Loyal readers know by now that Citymapper is one of my all time favorite apps. It offers the best public transport route planning I’ve seen with delightful features such as a recommended car to be best situated at the end station and what exit to use from the station that’s closest to the final destination.

Citymapper GO: accompanying users on every step of their ride, including a “get off” alert.

Last month, using New York’s Subway, I discovered a new feature, the GO button, that breaks down the route into easy-to-follow steps. Each step has its own detailed description, map, and a notification card, visible from the lock screen. The part of the journey that includes the ride also has the option to receive a “get off” alert, which is a great feature for tourists. Citymapper also added a GO dashboard to keep a tally of calories burned and trees and money saved per trip vs driving a car. The gamification was a bit redundant as a feature but cute nevertheless.

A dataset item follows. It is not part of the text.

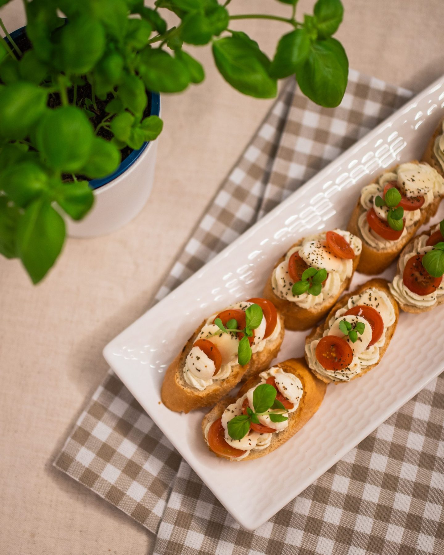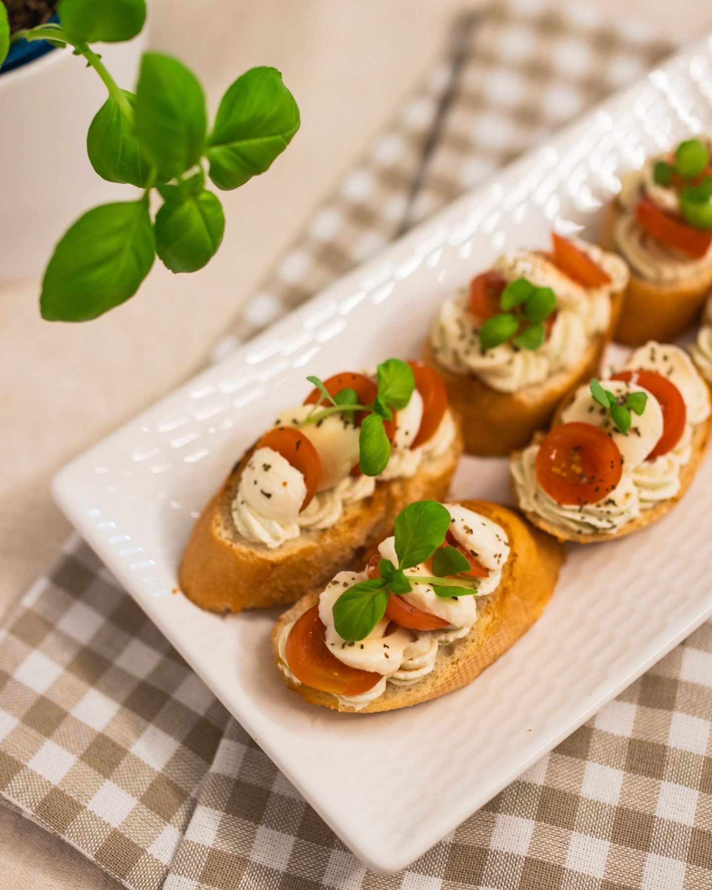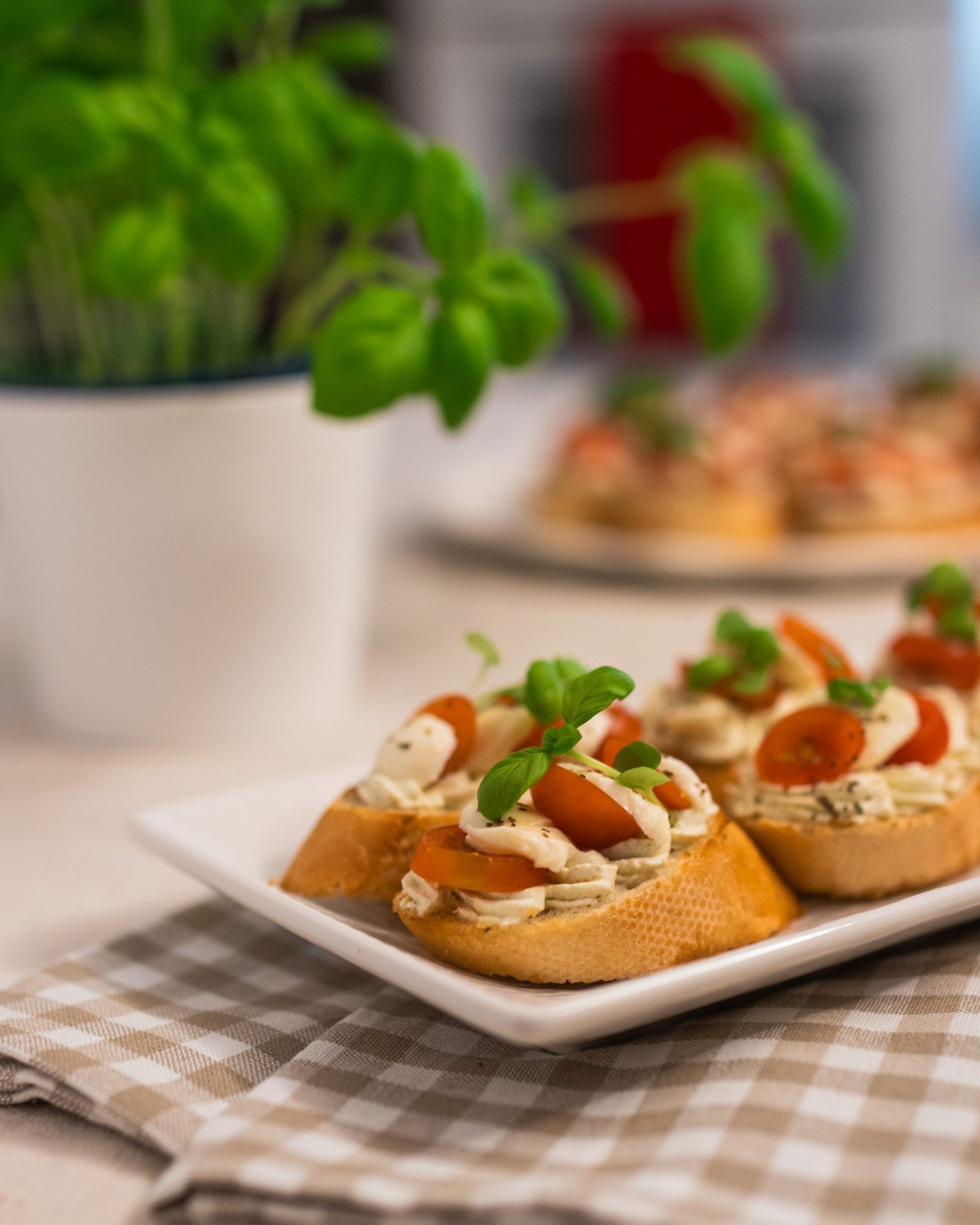 Abgerundet wird alles mit trockenem und frischem Basilikum. Das sorgt nicht nur für zusätzlichen Geschmack, sondern macht die Häppchen auch optisch zu einem echten Hingucker.

Citymapper GO dashboard: the complete journey from point A to point B.

Little did I realize that one reason for the new feature to enable data collection based on real travel. By knowing full routes, not just when a rider got on a bus or train, Citymapper can better understand actual transportation needs, not just the compromises riders made due to route availability. With this more accurate data, Citymapper hopes to optimize public transportation routes when data shows there is a need. It can also show what new routes might work. To test that hypothesis, it launched a short bus service in London today and said “while the service will not get passengers very far, it is seen as a test of the technology that could lead to something much bigger.”

The implications of such a service are interesting. First, the flexibility and dynamic capabilities: transportation authorities could decide spontaneously that they want to add a route based on an event that they didn’t know about or a problem that they didn’t anticipate. They don’t have to reprint the transit map and hang signs, they only have to integrate with Citymapper so that the app can suggest the new route to travelers in need. For users, the trust in Citymapper is such that if the app suggests a route, it must exist. It’s a much quicker way to set up alternative and temporary transportation when things go wrong.

Citymapper said it best: “We’ve helped people figure out which bus to take. When it arrives. How long it takes. When to get off. Now it’s inevitable that we help make them work better. We don’t have to do it all ourselves, we’re glad to partner with others. We built an easy to use app by being users ourselves. So we feel the best way to build software for buses is to run buses ourselves. And learn from running some public experiments.” The first part I agree with, they’ve built a better app for existing transport systems than any of those transport systems (I’ve tried New York, Bay Area and Berlin.) Whether they need to be the ones to run buses remains to be seen, though I appreciate that they are running these London ones to prove a point.

Bus routes are based on historical data and political decisions. While transport authorities might have current usage data for existing routes, they don’t know much about what routes outside their system riders actually need. That’s why we see companies running private shuttles to and from their offices – those routes were needed and were not served by existing public transportation necessitating private vehicles. Just as a point of comparison, our local transit agency, the VTA, is also planning a route overhaul. They’ve asked for input from college and high school students, commuters and other community members.  They’re having community town halls and trying to get feedback from as many entities as possible about the changes. This is honorable but falls short of getting actual usage and, better yet, desired usage data such as Citymapper has.

Can Citymapper leverage its fantastic app to make a real difference in how city transportation works? Can they anticipate need and help cities plan accordingly? Will they tie their system into private transportation such as the carpool options on ridesharing apps and help everyone travel faster? Regardless, it’s a very interesting first step and I’m waiting to see how it works in London and other cities around the world and what cities will embrace Citymapper’s help.